____ DATA
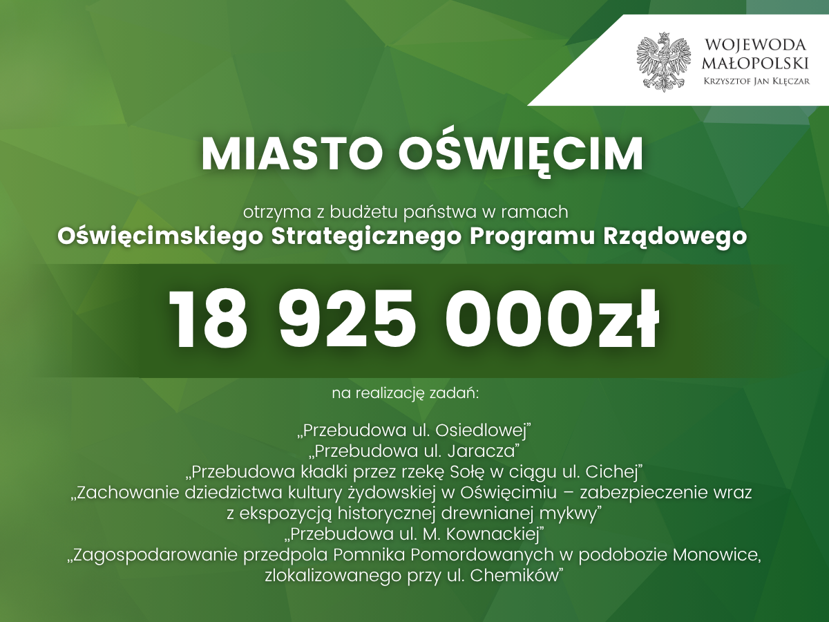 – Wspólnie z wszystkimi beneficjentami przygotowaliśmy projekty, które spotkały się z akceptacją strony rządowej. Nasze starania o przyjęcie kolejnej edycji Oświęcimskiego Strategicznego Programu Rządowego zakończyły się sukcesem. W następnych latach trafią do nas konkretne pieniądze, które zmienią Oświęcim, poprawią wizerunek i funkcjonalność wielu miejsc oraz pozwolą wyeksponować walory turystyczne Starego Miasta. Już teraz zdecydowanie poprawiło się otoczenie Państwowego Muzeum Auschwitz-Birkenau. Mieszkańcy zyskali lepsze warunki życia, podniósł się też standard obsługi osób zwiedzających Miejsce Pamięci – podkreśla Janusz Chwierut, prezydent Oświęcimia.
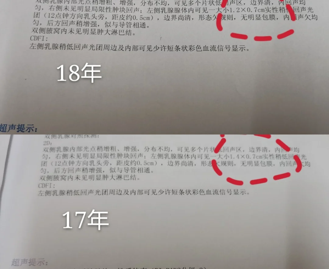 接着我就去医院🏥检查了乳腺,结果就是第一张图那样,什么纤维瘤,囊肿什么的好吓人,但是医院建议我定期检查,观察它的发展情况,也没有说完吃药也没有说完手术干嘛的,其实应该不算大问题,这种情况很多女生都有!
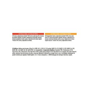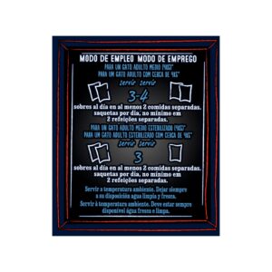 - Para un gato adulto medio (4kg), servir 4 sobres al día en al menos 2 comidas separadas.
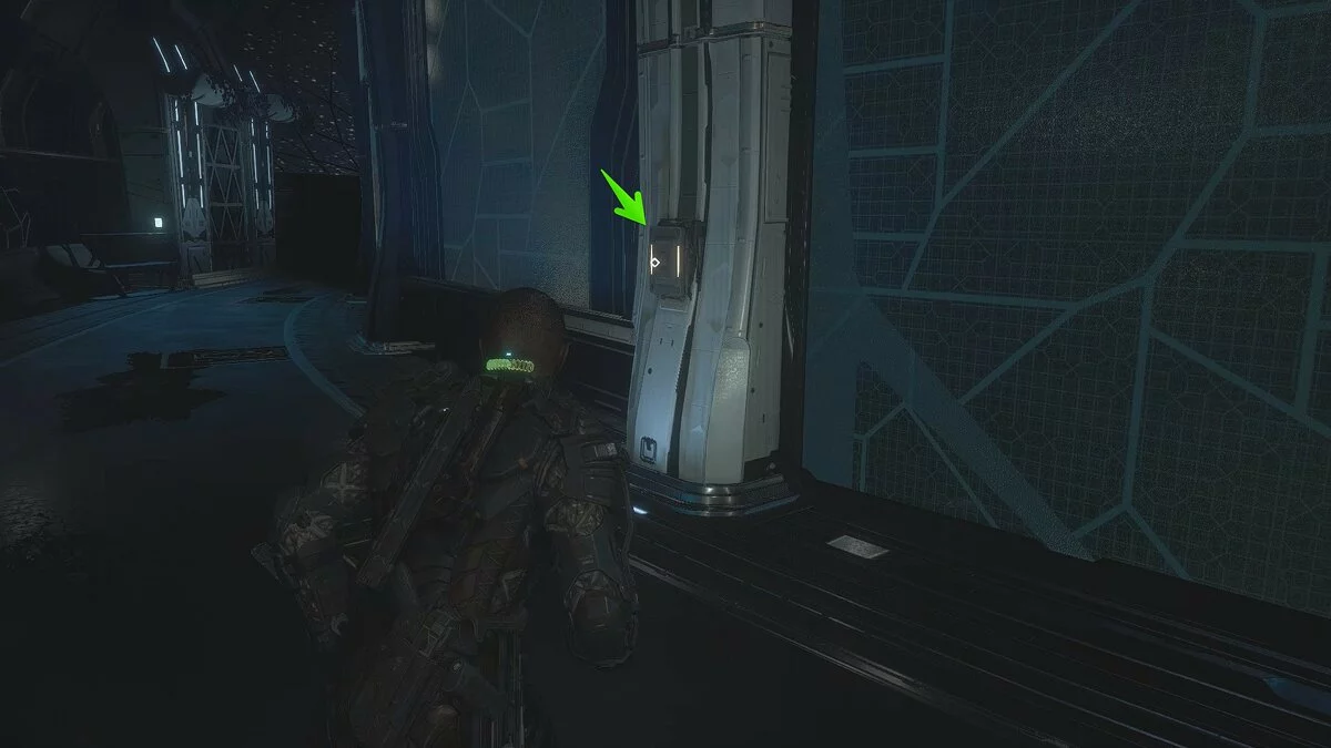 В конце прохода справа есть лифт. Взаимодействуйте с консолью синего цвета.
________
**TASK GOAL**
The data above are to be repeated word for word, with any pictures left out.

**OUTPUT OF THE EXERCISE**
 – Wspólnie z wszystkimi beneficjentami przygotowaliśmy projekty, które spotkały się z akceptacją strony rządowej. Nasze starania o przyjęcie kolejnej edycji Oświęcimskiego Strategicznego Programu Rządowego zakończyły się sukcesem. W następnych latach trafią do nas konkretne pieniądze, które zmienią Oświęcim, poprawią wizerunek i funkcjonalność wielu miejsc oraz pozwolą wyeksponować walory turystyczne Starego Miasta. Już teraz zdecydowanie poprawiło się otoczenie Państwowego Muzeum Auschwitz-Birkenau. Mieszkańcy zyskali lepsze warunki życia, podniósł się też standard obsługi osób zwiedzających Miejsce Pamięci – podkreśla Janusz Chwierut, prezydent Oświęcimia.
 接着我就去医院🏥检查了乳腺,结果就是第一张图那样,什么纤维瘤,囊肿什么的好吓人,但是医院建议我定期检查,观察它的发展情况,也没有说完吃药也没有说完手术干嘛的,其实应该不算大问题,这种情况很多女生都有!
 - Para un gato adulto medio (4kg), servir 4 sobres al día en al menos 2 comidas separadas.
 В конце прохода справа есть лифт. Взаимодействуйте с консолью синего цвета.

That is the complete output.